Secondary structure conformations occur due to the spontaneous formation of hydrogen bonds between amino groups and oxygens along the polypeptide backbone, as shown in the two left panels in the drawing below. Note that amino acid side chains play no significant role in secondary structure.
The a helix or b sheets are a most stable arrangement of H-bonds in the chain(s). These regions of ordered secondary structure in a polypeptide can be separated by varying lengths of less structured peptide called random coils. All three of these elements of secondary structure can occur in a single polypeptide or protein that has folded into its tertiary structure, as shown at the right in the illustration above. The pleated sheets are shown as ribbons with arrowheads representing N-to-C or C-to-N polarity of the sheets. As you can see, a pair of peptide regions forming a pleated sheet may do so either in the parallel or antiparallel directions (look at the arrowheads of the ribbons), which will depend on other influences dictating protein folding to form tertiary structure. Some polypeptides never go beyond their secondary structure, remaining fibrous and insoluble. Keratin is perhaps the best-known example of a fibrous protein, making up hair, fingernails, bird feathers, and even filaments of the cytoskeleton. Most polypeptides and proteins however, do fold and assume tertiary structure, becoming soluble globular proteins.
C. Tertiary Structure
Polypeptides acquire their tertiary structure when hydrophobic and non-polar side chains spontaneously come together to exclude water, aided by the formation of salt bridges and H-bonds between polar side chains that find themselves inside the globular polypeptide. In this way, a helices or b sheets are folded and incorporated into globular shapes. The forces that cooperate to form and stabilize 3-dimensional polypeptide and protein structures are illustrated below.

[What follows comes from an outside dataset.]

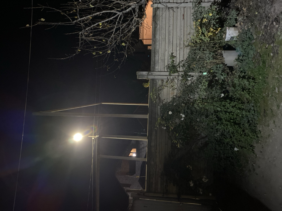 A dimly lit outdoor scene at night shows a wooden fence and an overgrown rose bush with white flowers. A bare tree branch extends from the top left. A bright street light casts a glow on nearby structures, including a partially obscured building behind the fence. A concrete pillar supports the fence. The ground is covered with fallen leaves and debris.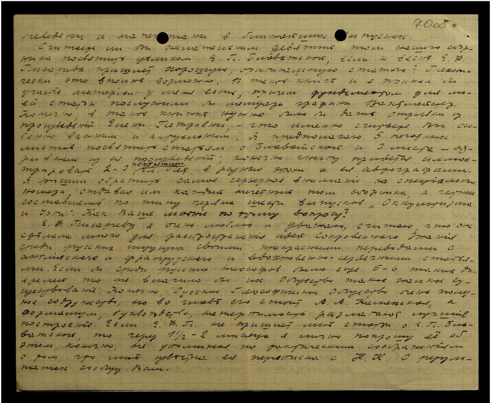 Считаете ли Вы желательным девятый том нашего сборника посвятить целиком Е.П. Блаватской, если к весне Е.Ф. Писарева пришлёт хорошую, оригинальную статью? Технически это вполне возможно. В такой книге и я принял бы участие, материал у меня есть, причём фундаментом для моей статьи послужили бы мемуары графини Вахтмейстер. Конечно, в такой книжке нужно было бы дать отрывки из произведений Елены Петровны, — что именно считаете Вы особенно важным и актуальным. Я предполагаю 5 печатных листов посвятить статьям о Блаватской и 3 листа — отрывкам из её произведений; конечно, книгу придётся иллюстрировать 2-я портретами Ел[ены] Пет[ровны] в разные эпохи и её автографами. Я решил обратить самое серьёзное внимание на специальные номера, отдавая им каждый нечётный том сборника, а чётные составлять по типу первых шести выпусков "Оккультизма и Йоги". Как Ваше мнение по этому вопросу?

Polar (hydrophilic) side chains that can find no other side-chain partners are typically found on the outer surface of the ‘’globule’, where they interact with water and thus dissolve the protein (recall water of hydration). Based on non-covalent bonds, tertiary structures are nonetheless strong simply because of the large numbers of otherwise weak interactions that form them. Nonetheless, covalent disulfide bonds between cysteine amino acids in the polypeptide (shown above) can further stabilize tertiary structure. Disulfide bonds (bridges) form when cysteines far apart in the primary structure of the molecule end up near each other in a folded polypeptide. Then the –SH (sulfhydryl) groups in the cysteine side chains are oxidized, forming the disulfide (–S-S- ) bonds.
The sulfhydryl oxidation reaction is shown below.

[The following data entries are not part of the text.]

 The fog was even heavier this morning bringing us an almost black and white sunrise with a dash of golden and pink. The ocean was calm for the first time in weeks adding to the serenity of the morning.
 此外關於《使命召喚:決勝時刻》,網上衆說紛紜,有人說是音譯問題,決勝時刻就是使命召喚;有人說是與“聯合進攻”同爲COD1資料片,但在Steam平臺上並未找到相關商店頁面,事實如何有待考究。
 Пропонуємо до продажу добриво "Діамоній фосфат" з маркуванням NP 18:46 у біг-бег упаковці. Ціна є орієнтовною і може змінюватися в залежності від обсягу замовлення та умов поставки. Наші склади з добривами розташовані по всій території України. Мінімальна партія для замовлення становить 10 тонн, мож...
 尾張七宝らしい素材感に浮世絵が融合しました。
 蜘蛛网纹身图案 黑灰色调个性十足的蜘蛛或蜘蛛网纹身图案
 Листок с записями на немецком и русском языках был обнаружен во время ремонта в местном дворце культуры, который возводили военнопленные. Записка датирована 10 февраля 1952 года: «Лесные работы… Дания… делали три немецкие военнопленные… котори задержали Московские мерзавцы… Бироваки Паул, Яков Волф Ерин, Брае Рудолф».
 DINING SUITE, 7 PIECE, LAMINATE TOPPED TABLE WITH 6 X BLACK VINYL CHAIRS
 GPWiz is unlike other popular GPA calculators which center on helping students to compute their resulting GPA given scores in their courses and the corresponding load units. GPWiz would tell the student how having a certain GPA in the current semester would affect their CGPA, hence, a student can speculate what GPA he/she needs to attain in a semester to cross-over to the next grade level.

To better understand how disulfide bridges can support the 3-dimensional structure of a protein, just imagine its physical and chemical environment. Changing the temperature or salt concentration surrounding a protein might disrupt non-covalent bonds involved in the 3D shape of the active protein. Unaffected by these changes, disulfide bridges limit the disruption and enable the protein to re-fold correctly and quickly when conditions return to normal (think homeostasis!).